Rick Perlstein's picture

The Sunday New York Times runs a major new investigation of the Pentagon's propaganda operation to lie to the public about Iraq:

In the summer of 2005, the Bush administration confronted a fresh wave of criticism over Guantánamo Bay. The detention center had just been branded “the gulag of our times” by Amnesty International, there were new allegations of abuse from United Nations human rights experts and calls were mounting for its closure.

The administration’s communications experts responded swiftly.

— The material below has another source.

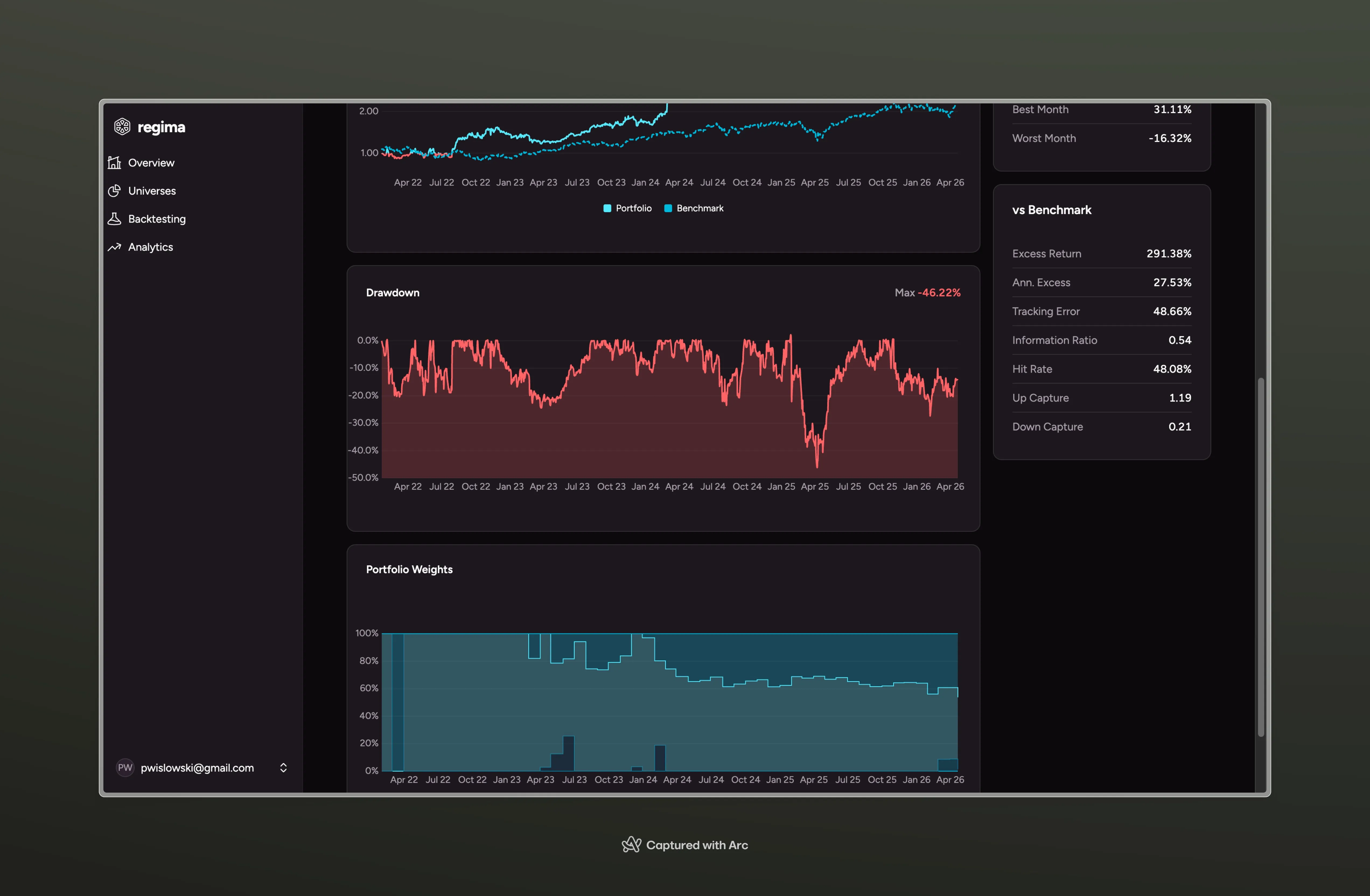 Personally, I need a tool that provides me with seamless analytics out-of-the-box without reconstructing the same analytics pipeline over and over again. There’s a lot of comfort in knowing that your portfolio is rebalanced with optimization in mind. That is why I’m building Regima.

Early one Friday morning, they put a group of retired military officers on one of the jets normally used by Vice President Dick Cheney and flew them to Cuba for a carefully orchestrated tour of Guantánamo.

To the public, these men are members of a familiar fraternity, presented tens of thousands of times on television and radio as “military analysts” whose long service has equipped them to give authoritative and unfettered judgments about the most pressing issues of the post-Sept. 11 world.

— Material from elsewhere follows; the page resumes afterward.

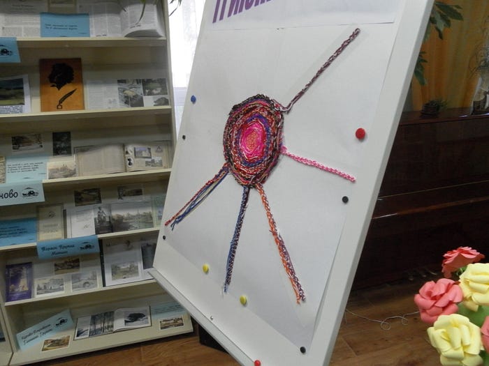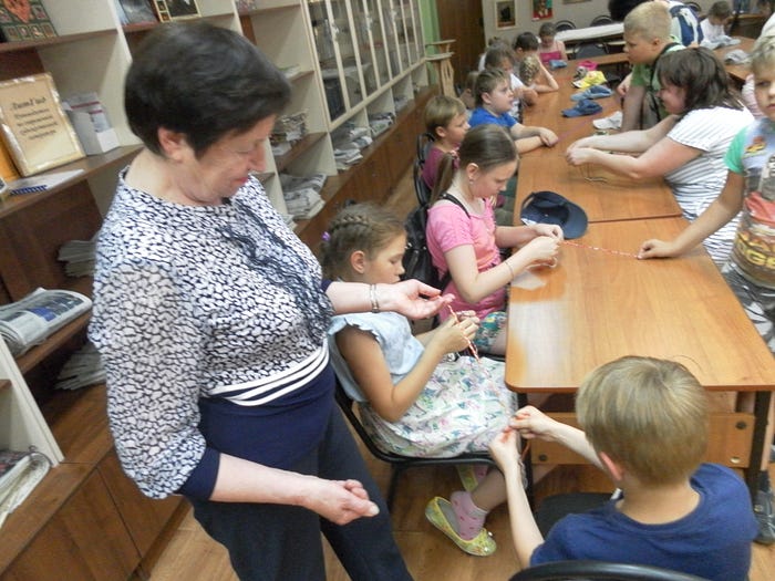 В гости в Центральную библиотеку пришли ребята из пришкольного лагеря Гимназии, чтобы попробовать свои силы в удивительном рукоделии. Каждый ребенок в этот день должен был сплести… косичку из шерстяных ниток. Из большого количества маленьких косичек, которые сделали наши юные посетители, получилось одно прекрасное разноцветное шерстяное солнце на листе ватмана. Эту эмблему праздника пришедший отряд мог забрать с собой в качестве подарка. То есть получился самый настоящий флэш-моб: когда много участников делают что-то одинаковое, а потом из этого получается нечто общее, объединяющее всех.

Hidden behind that appearance of objectivity, though, is a Pentagon information apparatus that has used those analysts in a campaign to generate favorable news coverage of the administration’s wartime performance, an examination by The New York Times has found....

Records and interviews show how the Bush administration has used its control over access and information in an effort to transform the analysts into a kind of media Trojan horse — an instrument intended to shape terrorism coverage from inside the major TV and radio networks.

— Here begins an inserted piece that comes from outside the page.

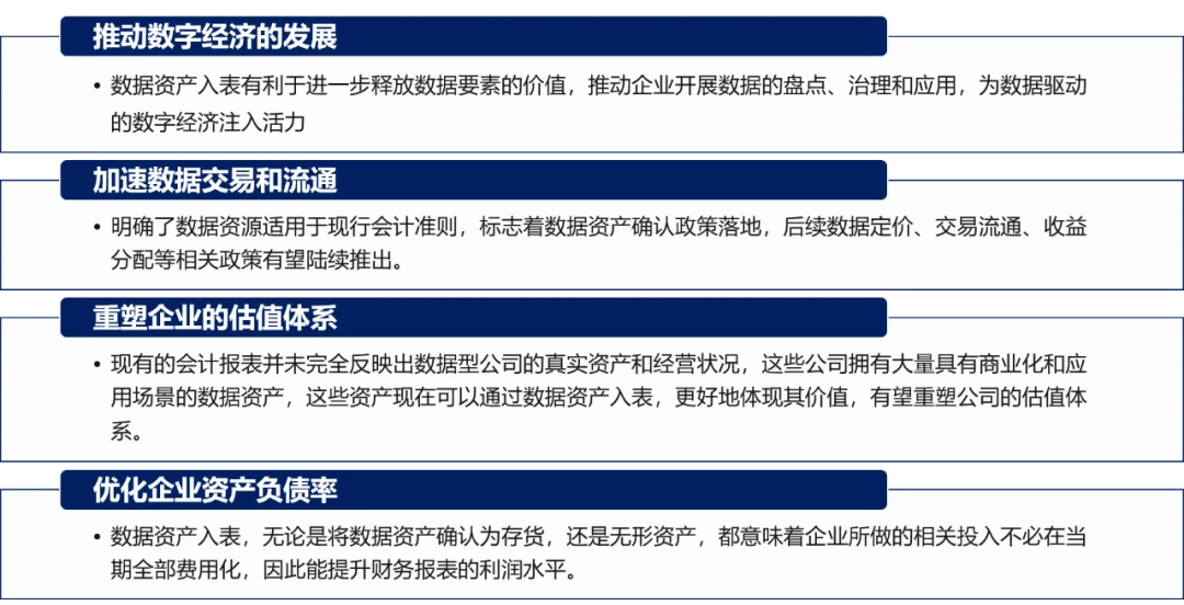 重塑企业的估值体系:现有的会计报表并未完全反映出数据型公司的真实资产和经营状况,这些公司拥有大量具有商业化和应用场景的数据资产,这些资产现在可以顺利获得数据资产入表,更好地体现其价值,有望重塑公司的估值体系。
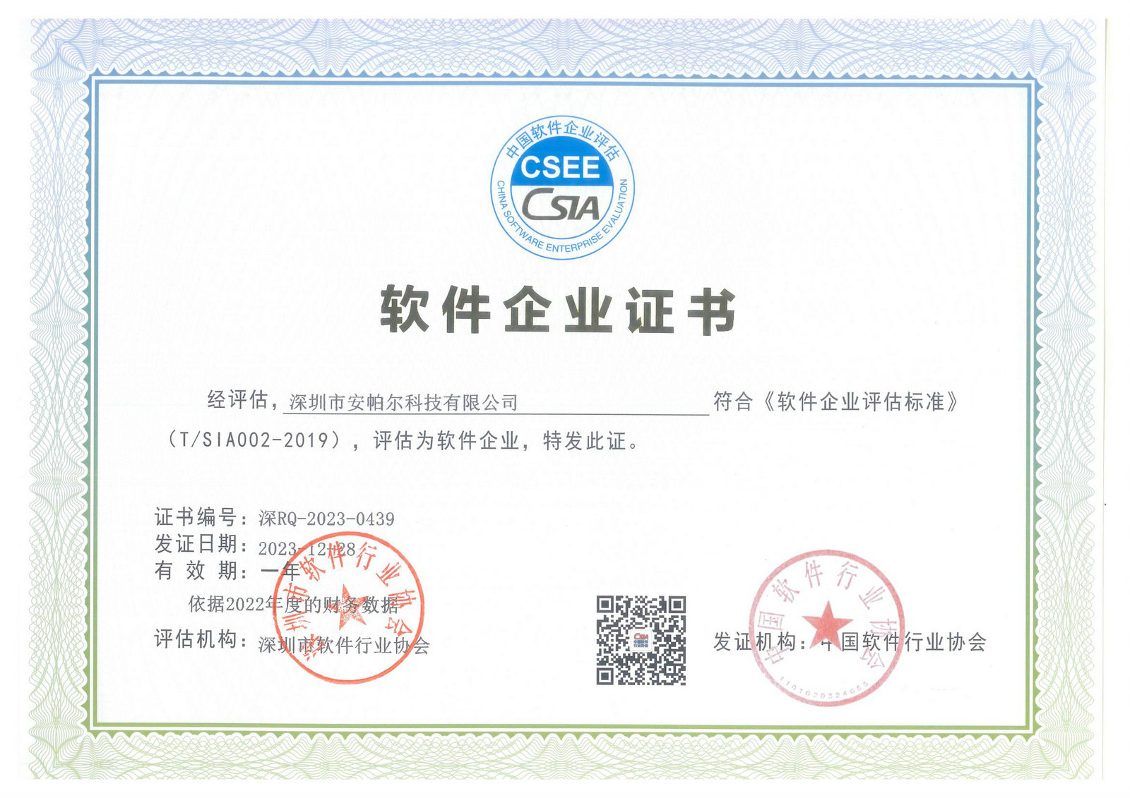 軟件企業(yè)證書

Analysts have been wooed in hundreds of private briefings with senior military leaders, including officials with significant influence over contracting and budget matters, records show. They have been taken on tours of Iraq and given access to classified intelligence. They have been briefed by officials from the White House, State Department and Justice Department, including Mr. Cheney, Alberto R. Gonzales and Stephen J. Hadley.

In turn, members of this group have echoed administration talking points, sometimes even when they suspected the information was false or inflated. Some analysts acknowledge they suppressed doubts because they feared jeopardizing their access.

Some splendid quotes. From retired Green Beret and former Fox News analyst Robert S. Bevelacqua:

It was them saying, "We need to stick our hands up your back and move your mouth for you."

From Kenneth Allard at the National Defense University:

Night and day, I felt we’d been hosed.... This was a coherent, active policy.

Once more, a major theme of this blog is confirmed: That the Bushies do what the Watergate-era Nixon White House does, only learning from Nixon's mistakes, and taking advantage of the fact that it takes a whole lot longer for the press to call foul. If the Times story gets traction, expect some Nixonian pushback:
From NIXONLAND:

CBS earned a privileged place on the White House enemies list with a documentary, "The Selling of the Pentagon," which exposed a Pentagon "public affairs" budget that deployed generals for political sales jobs in plain violation of Army regulations, enlisting trusted anchors like Walter Cronkite as unwitting dupes. TV critic Jack Gould called it "a whale of a constructive blow for unfettered TV journalism free from Washington manipulation." President Ahab reacted predictably. Vice President Agnew called it "a subtle but vicious broadside against the nation's defense establishment," and accused its producers of ethical lapses in 1966 and 1968, one for a show that never aired, and one in a complaint the FCC dismissed. Then he charged the interviews had been edited out of order, one obtained for a separate program; "the matter of the network's own record in the field of documentary-making," he concluded, "can no longer be brushed under the rug of national media indifference."